Note: Much code taken from Neuromatch NeuroAI 2024 Microlearning.

## Dependencies

In [None]:
# dependencies
from IPython.display import Image, SVG, display
import os
from pathlib import Path

import random
from tqdm import tqdm
import warnings
import numpy as np
import matplotlib.pyplot as plt
import scipy
import torch
import torchvision
import contextlib
import io
from scipy.ndimage import uniform_filter1d

## Plotting and metrics imports
from metrics import get_plotting_color, plot_examples, plot_class_distribution, plot_results, plot_scores_per_class, plot_weights

## Other functions imports
from helpers import sigmoid, ReLU, add_bias, create_batches, calculate_accuracy, calculate_cosine_similarity, calculate_grad_snr

## MLP imports
from MLP import MLP, NodePerturbMLP, KolenPollackMLP

## Data

In [None]:
# Download MNIST function
def download_mnist(train_prop=0.8, keep_prop=0.5):

  valid_prop = 1 - train_prop

  discard_prop = 1 - keep_prop

  transform = torchvision.transforms.Compose(
      [torchvision.transforms.ToTensor(),
      torchvision.transforms.Normalize((0.1307,), (0.3081,))]
      )


  with contextlib.redirect_stdout(io.StringIO()): #to suppress output
    
    rng_data = np.random.default_rng(seed=42)
    train_num = 50000
    shuffled_train_idx = rng_data.permutation(train_num)

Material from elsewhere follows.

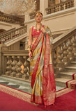 SAREE: P.V. Superior Gaji Satin with Rangat H.B Print, Exclusive Border & Pallu, and Marmo Finish

    full_train_set = torchvision.datasets.MNIST(
          root="./data/", train=True, download=True, transform=transform)
    full_test_set = torchvision.datasets.MNIST(
          root="./data/", train=False, download=True, transform=transform)
    
    full_train_images = full_train_set.data.numpy().astype(float) / 255
    train_images = full_train_images[shuffled_train_idx[:train_num]].reshape((-1, 784)).T.copy()
    valid_images = full_train_images[shuffled_train_idx[train_num:]].reshape((-1, 784)).T.copy()
    test_images = (full_test_set.data.numpy().astype(float) / 255).reshape((-1, 784)).T

    full_train_labels = torch.nn.functional.one_hot(full_train_set.targets, num_classes=10).numpy()
    train_labels = full_train_labels[shuffled_train_idx[:train_num]].T.copy()
    valid_labels = full_train_labels[shuffled_train_idx[train_num:]].T.copy()
    test_labels = torch.nn.functional.one_hot(full_test_set.targets, num_classes=10).numpy().T

    train_set, valid_set, _ = torch.utils.data.random_split(
      full_train_set, [train_prop * keep_prop, valid_prop * keep_prop, discard_prop])
    test_set, _ = torch.utils.data.random_split(
      full_test_set, [keep_prop, discard_prop])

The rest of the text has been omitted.